Its initial focus will be on antibacterial drugs. It will also establish a program in one other area, which has yet to be finalized. Oncology and autosomal dominant disease are both candidates.
"What you would be going after is those protein targets with a high turnover," Beirnaert said. In that context, the technology could be readily applied to antiviral drugs, too, given the massive scale of viral replication within infected cells. By initially targeting bacterial proteins, the company aims to side-step the obvious safety concerns that arise from triggering an amyloidogenic protein cascade in patients. Off-target cross-reactivity is unlikely to be an issue, Beirnaert said.
The whole process of protein targeting appears to be highly selective in any case. Rousseau's and Schymkowitz's group has already reported on its ability to target vascular endothelial growth factor receptor 2 (VEGFR2) using a peptide containing amyloidogenic fragments that it identified in the native VEGFR2 protein.
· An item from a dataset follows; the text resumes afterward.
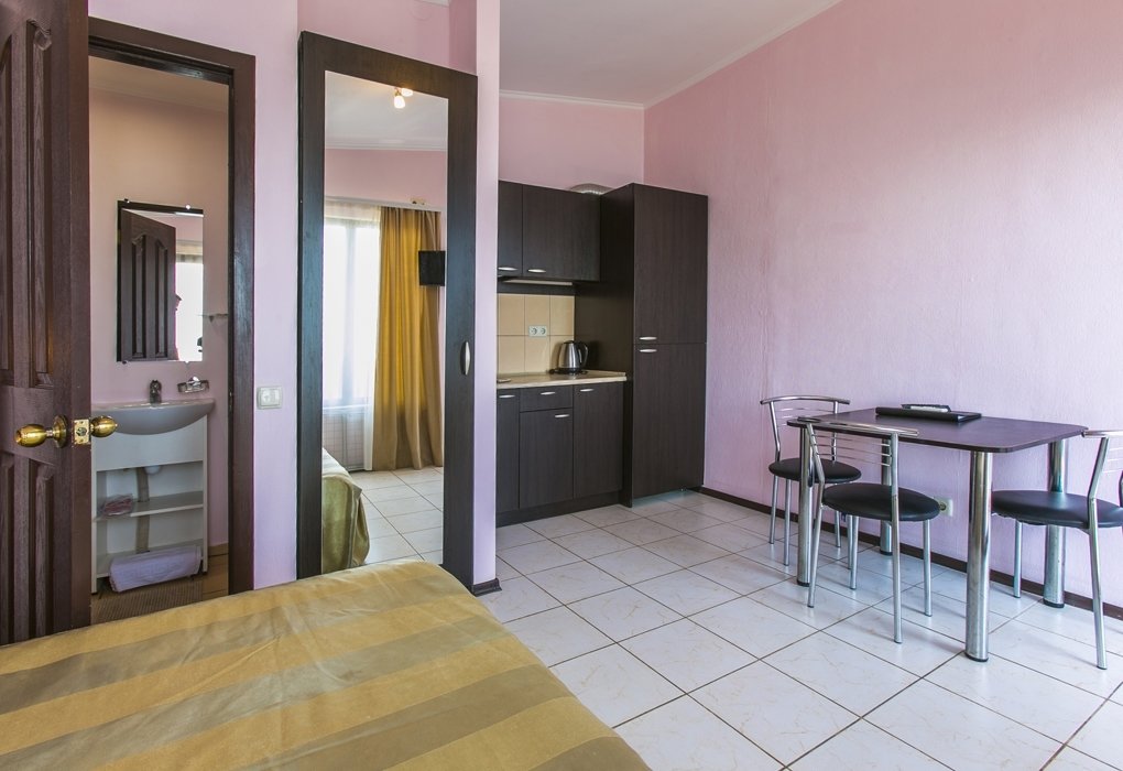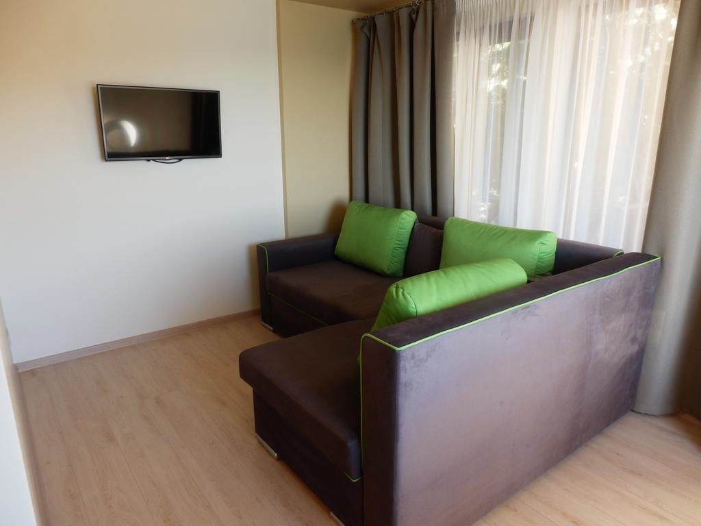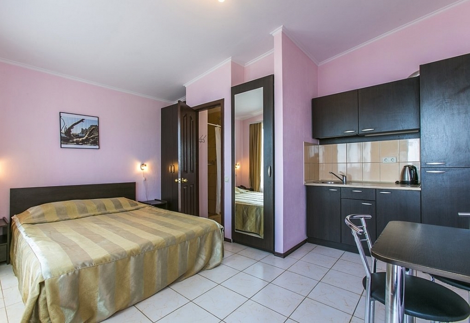 Комплекс имеет очень живописное месторасположение. Мы проживали в двухкомнатном номере на первом этаже домика. Всё есть и плазма, и кондиционер, и набор кухонных принадлежностей. Конечно, если сравнивать с Турцией или Грецией сервис подхрамывает, но это не главное зачем мы сюда приехали.

Crucially, the peptide, termed vascin, was selectively toxic in cells that required VEGFR2 function, and it did not induce aggregation of known amyloidogenic proteins. It also reduced tumor growth in a VEGFR2-sensitive mouse model of melanoma. The data appeared in the Nov. 11, 2016, issue of Science, in a paper, titled "De novo design of a biologically active amyloid."
The group has also reported proof-of-concept data in a mouse model of sepsis, using aggregating peptides identified in a screen against methicillin-resistant Staphylococcus aureus. The precise molecular targets were not reported in that study, which appeared in the March 2016 issue of Molecular Microbiology, in a paper, titled "Protein aggregation as an antibiotic design strategy."
At this point, the work begins in earnest, in converting the company's understanding of the genomic signatures of protein aggregation into drug-like molecules – no small task when the molecules in question are peptides, which are notoriously unstable and difficult to get across cell membranes. The company aims to obtain phase I data from its lead program five years from now, Beirnaert said.